ABOUT THIS TASK => All lines from the one containing "Strichstärke 0,4 mm, Faserspeicher, metallgefasste" through the end of the material are to be given back exactly, without pictures.

Top of DATA EXTRACT

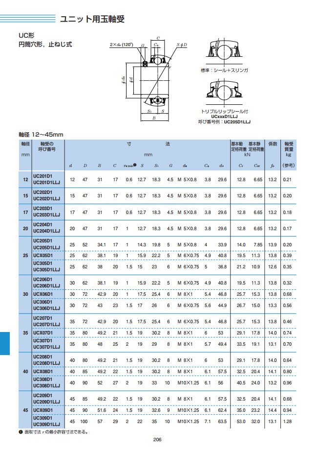 NTN製のベアリングユニット用玉軸受です。円筒穴径の止めねじ式になります。
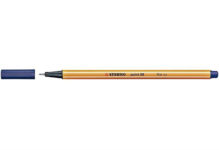 Strichstärke 0,4 mm, Faserspeicher, metallgefasste Spitze, geeignet für Schablone, lichtbeständige Tinte auf Wasserbasis, kann einige Tage offen liegen bleiben, ohne einzutrocknen, Kappe am Stiftende aufsteckbar
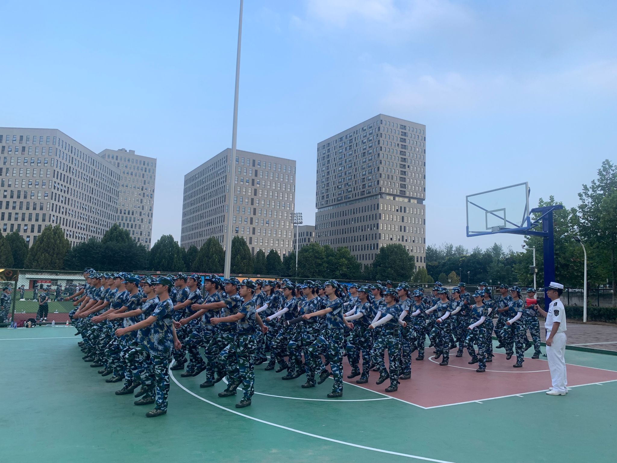 为加强新生军训的时效性和针对性,我校不断丰富、拓展军训方案。就在今天开展了军事理论课程,让新生们了解中国国防、军事思想、世界军事、车事高科技、高技术战争、综合训练。讲的主要是有关军队和战争的概念、范畴、原理、原则等的体系。对新生们进行集中军事技能训练和军事理论课教学 ,是一项具有战略意义的正确决策,它既能体现人才培养和国防后备力量建设的和谐统—,增强学生的国防观念利国防意识 ,培养大学生的基本军事技能,又有力地促进了大学生素质的全面提高。课后同学们仍然积极的投身到军训中,对教官教的每一个姿势要领都认真领会,进行反复训练,做到队伍行列整齐划一,步调一致,一切行动听指挥,新生们一起认真训练,不论多苦多累都没有丝毫退缩,矫健的身姿,挥舞着双臂,在教官的口令中走出了具有气势和活力的步伐。

Bottom of DATA EXTRACT

RESULT OF THIS EXERCISE =>
 Strichstärke 0,4 mm, Faserspeicher, metallgefasste Spitze, geeignet für Schablone, lichtbeständige Tinte auf Wasserbasis, kann einige Tage offen liegen bleiben, ohne einzutrocknen, Kappe am Stiftende aufsteckbar
 为加强新生军训的时效性和针对性,我校不断丰富、拓展军训方案。就在今天开展了军事理论课程,让新生们了解中国国防、军事思想、世界军事、车事高科技、高技术战争、综合训练。讲的主要是有关军队和战争的概念、范畴、原理、原则等的体系。对新生们进行集中军事技能训练和军事理论课教学 ,是一项具有战略意义的正确决策,它既能体现人才培养和国防后备力量建设的和谐统—,增强学生的国防观念利国防意识 ,培养大学生的基本军事技能,又有力地促进了大学生素质的全面提高。课后同学们仍然积极的投身到军训中,对教官教的每一个姿势要领都认真领会,进行反复训练,做到队伍行列整齐划一,步调一致,一切行动听指挥,新生们一起认真训练,不论多苦多累都没有丝毫退缩,矫健的身姿,挥舞着双臂,在教官的口令中走出了具有气势和活力的步伐。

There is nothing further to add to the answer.